*** Opening of Listed entries ***
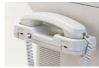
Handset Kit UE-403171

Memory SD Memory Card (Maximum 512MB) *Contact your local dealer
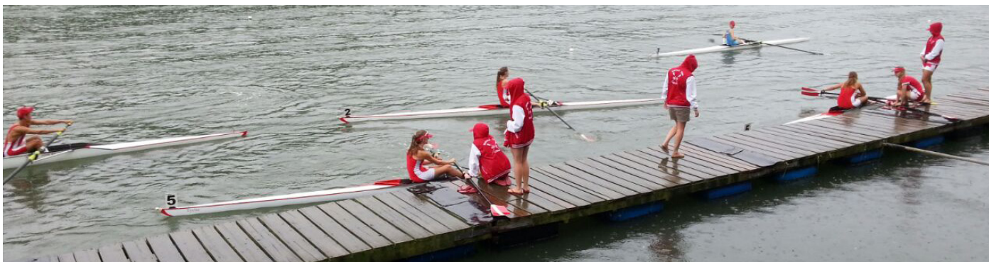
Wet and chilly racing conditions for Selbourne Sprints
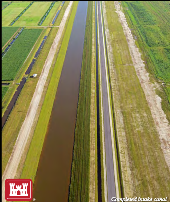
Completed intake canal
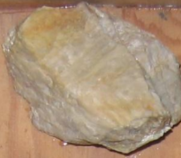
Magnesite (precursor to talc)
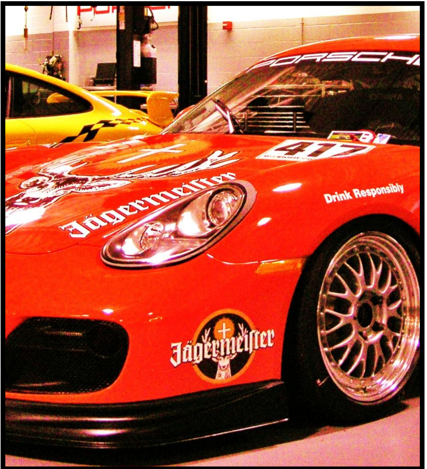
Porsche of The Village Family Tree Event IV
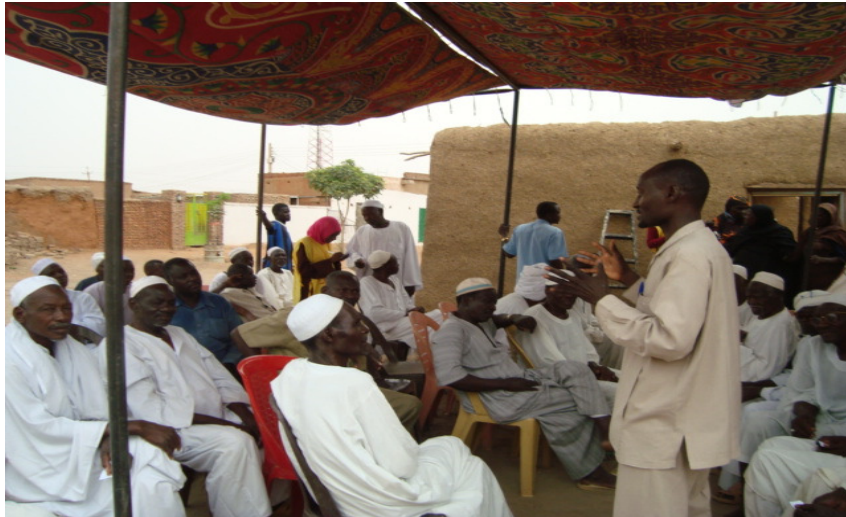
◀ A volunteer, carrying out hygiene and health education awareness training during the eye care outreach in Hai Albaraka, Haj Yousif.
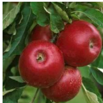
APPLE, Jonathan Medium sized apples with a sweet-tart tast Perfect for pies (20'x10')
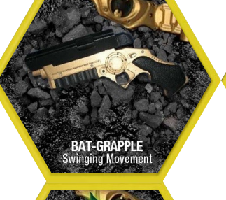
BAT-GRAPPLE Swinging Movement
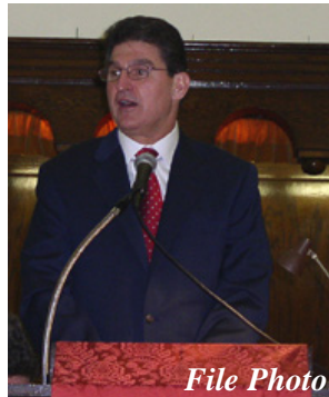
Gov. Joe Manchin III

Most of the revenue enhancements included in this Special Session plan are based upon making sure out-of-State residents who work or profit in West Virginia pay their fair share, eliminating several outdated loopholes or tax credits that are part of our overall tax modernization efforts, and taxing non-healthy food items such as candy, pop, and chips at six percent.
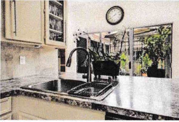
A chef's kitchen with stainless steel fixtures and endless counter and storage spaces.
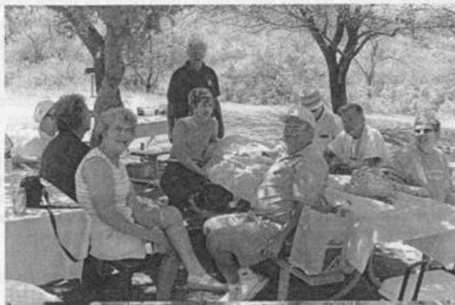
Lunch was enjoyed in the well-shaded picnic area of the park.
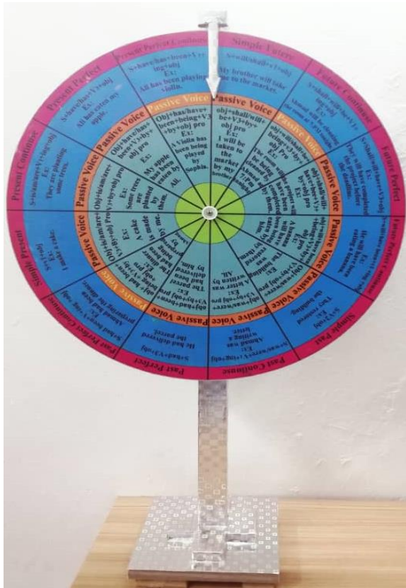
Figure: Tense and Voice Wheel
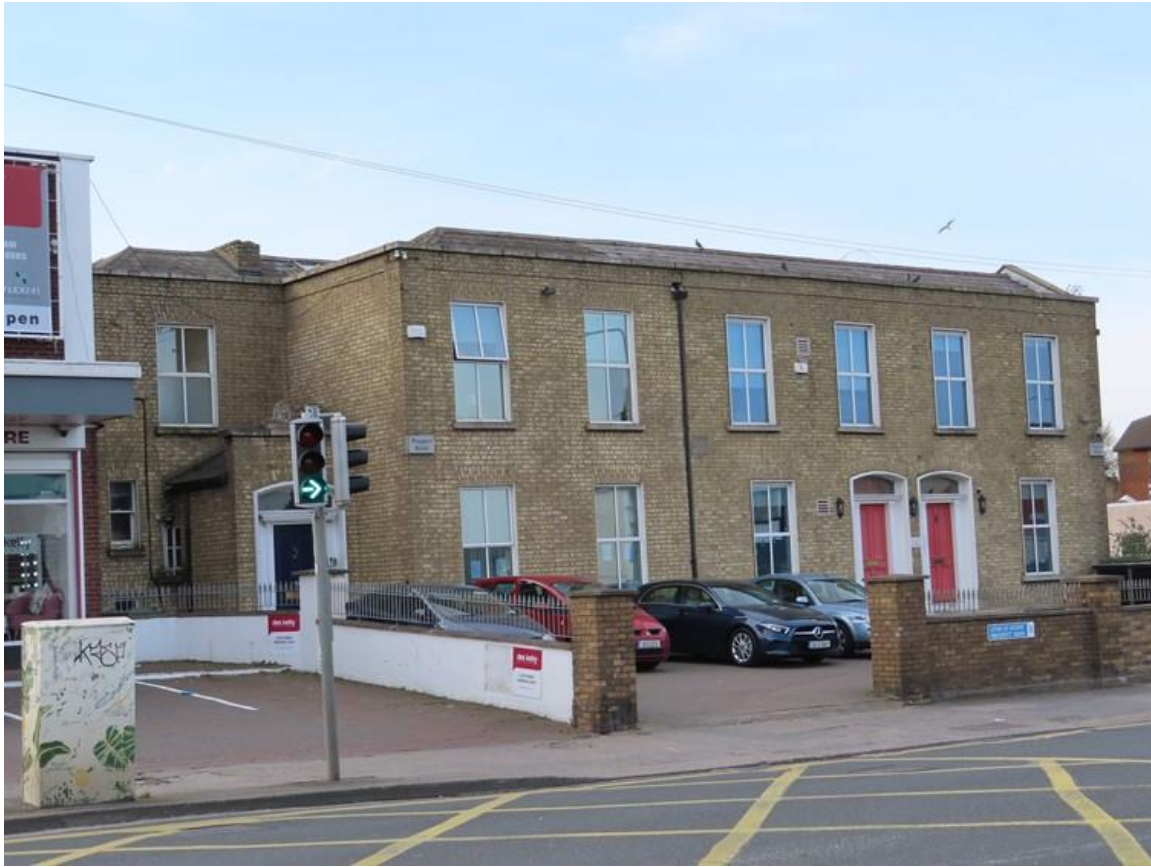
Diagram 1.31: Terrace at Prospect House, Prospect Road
*** Close of Listed entries ***
_What the task asks_: Take the lines from the one holding "Most of the" through the final line of the records above and output them exactly, both ends included, excluding pictures.

_Written solution_:
Most of the revenue enhancements included in this Special Session plan are based upon making sure out-of-State residents who work or profit in West Virginia pay their fair share, eliminating several outdated loopholes or tax credits that are part of our overall tax modernization efforts, and taxing non-healthy food items such as candy, pop, and chips at six percent.
A chef's kitchen with stainless steel fixtures and endless counter and storage spaces.
Lunch was enjoyed in the well-shaded picnic area of the park.
Figure: Tense and Voice Wheel
Diagram 1.31: Terrace at Prospect House, Prospect Road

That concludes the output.